00:15 karolherbst: so mhhh
00:15 karolherbst: I was able to see a difference, but still no idea _what_ exactly changes
00:43 jekstrand: karolherbst: Seems like it's not working. :-(
00:46 karolherbst: I think I just figured out how that works on nvidia hardware
00:54 karolherbst: or.. maybe not :
00:55 karolherbst: weird..
00:57 karolherbst: jekstrand: what does in your isa actually exist?
00:57 karolherbst: we only have the group and local thread id
00:58 jekstrand: We have a group id and subgroup id
00:59 karolherbst: it's a bit strange, but no matter what I do, I can't get those to change :/
00:59 karolherbst: there is probably some magic to it
01:01 karolherbst: it could be that for us it's just some weirdo preemption feature
01:03 karolherbst: anyway.. it's not even big enough to hold the offset...
01:05 karolherbst: curro: anyway.. clovers offset handling is broken right now... or well incomplete. There is also the problem where the hw can't support the requested workload size, so you end up lowering internally and due multiple invocation in which case you offset the group_id :/
01:06 karolherbst: although I am not 100% sure this needs to be implenented, but some hw have quite limited capabilities here
01:20 curro: karolherbst: uhm, so you mean that the pipe driver's lowering of a too large compute dispatch call into multiple chunks would mess up the group id?
01:20 curro: wouldn't that be a bug in the driver's lowering code?

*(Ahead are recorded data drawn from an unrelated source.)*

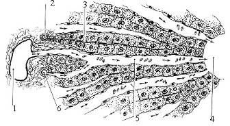 1 – ветвь воротной вены, 2 – желчный проточек, 3 – желчный каналец между гепатоцитами,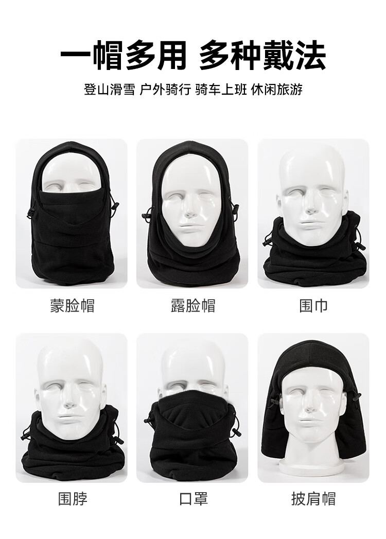 确实方便,多用途,既可以当帽子,也可以当围脖和脸罩,又很保暖,适合冬天高寒地区户外活动用。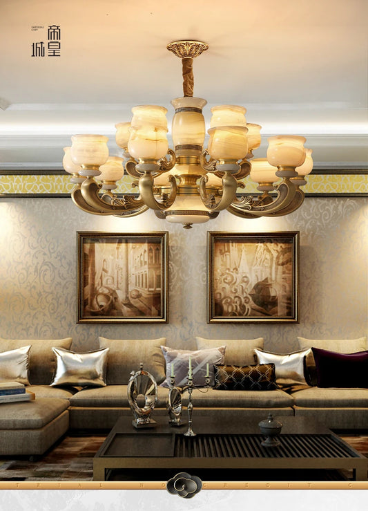 All copper marble chandelier living room dining room copper lamps light luxury modern villa hotel duplex building lighting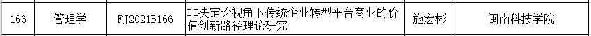 近日,2021年度福建省社会科学规划项目立项结果公布,开云手机入口商学院教授施宏彬博士主持申报的《非决定论视角下传统企业转型平台商业的价值创新路径理论研究》获一般项目立项。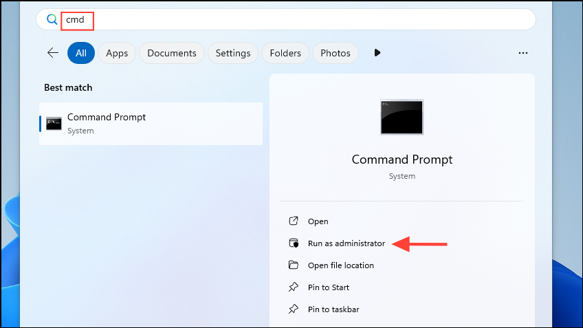 - 打開開始菜單,輸入 cmd,然後點擊「以管理員身份運行」。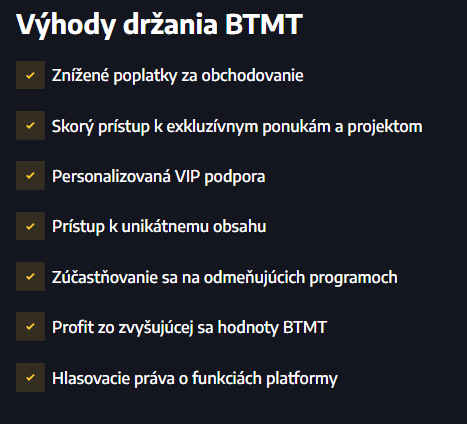 Vďaka držbe BTMT máte benefit vo forme nižších poplatkov za obchodovanie s kryptomenami. Taktiež získate VIP podporu. Ak sa rozhodnete pre staking BTMT, taktiež pomáhate rásť aj samotnej burze. BITmarkets uvádza, že väčšinu získaných prostriedkov plánuje použiť na ďalšiu expanziu, optimalizáciu platformy, marketing a akvizície.

01:39 jekstrand: karolherbst: Reading the docs more closely, our thread group start fields are for context save/restore not for something actually useful and they don't do what you think they do.
01:39 jekstrand: Not that context save/restore isn't useful. :P
01:40 jekstrand: karolherbst: So, yeah. We have to push stuff and do shader math. :-(
01:41 jekstrand: In which case lowering in clover seems non-terrible.

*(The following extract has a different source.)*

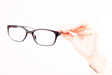glasses in womens hands close-up, white background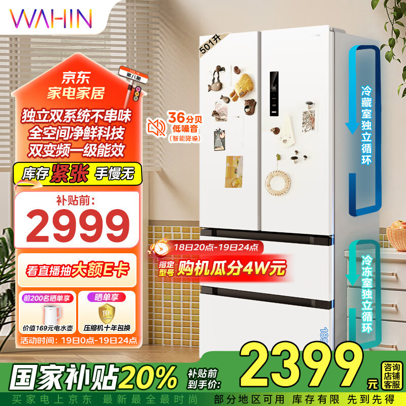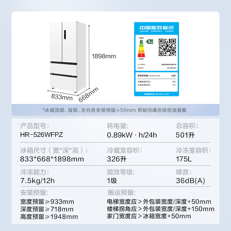 华凌526多门法式【508青春款】一级能效风冷全舱净味双循环大容量母婴冰箱HR-526WFPZ家电补贴20%价格:2999.00元!

01:41 jekstrand: Or we can lower in the driver.
01:41 jekstrand: It honestly doesn't matter much to me.
01:41 jekstrand: The amount of code in iris isn't big
08:43 karolherbst: curro: if you specify the global invoc offsets your work group id still starts at 0, no matter what you pass in, but if you lower your clEnqueueNDRangeKernel with multiple clEnqueueNDRangeKernel + offsets, you also need to adjust your work group ids
08:46 karolherbst: personally I don't care about caring about those workloads, but there might be hw with quite limited work group sizes
08:48 karolherbst: like tesla we only support { 512, 512, 64 } (max 512 in total) * { 65535, 65535, 1 }
08:48 karolherbst: which isn't much
15:42 jekstrand: cwabbott, jenatali, karolherbst, cmarcelo: An idea that occurred to me today... Would it be possible to build something like nir_opt_algebraic only for derefs.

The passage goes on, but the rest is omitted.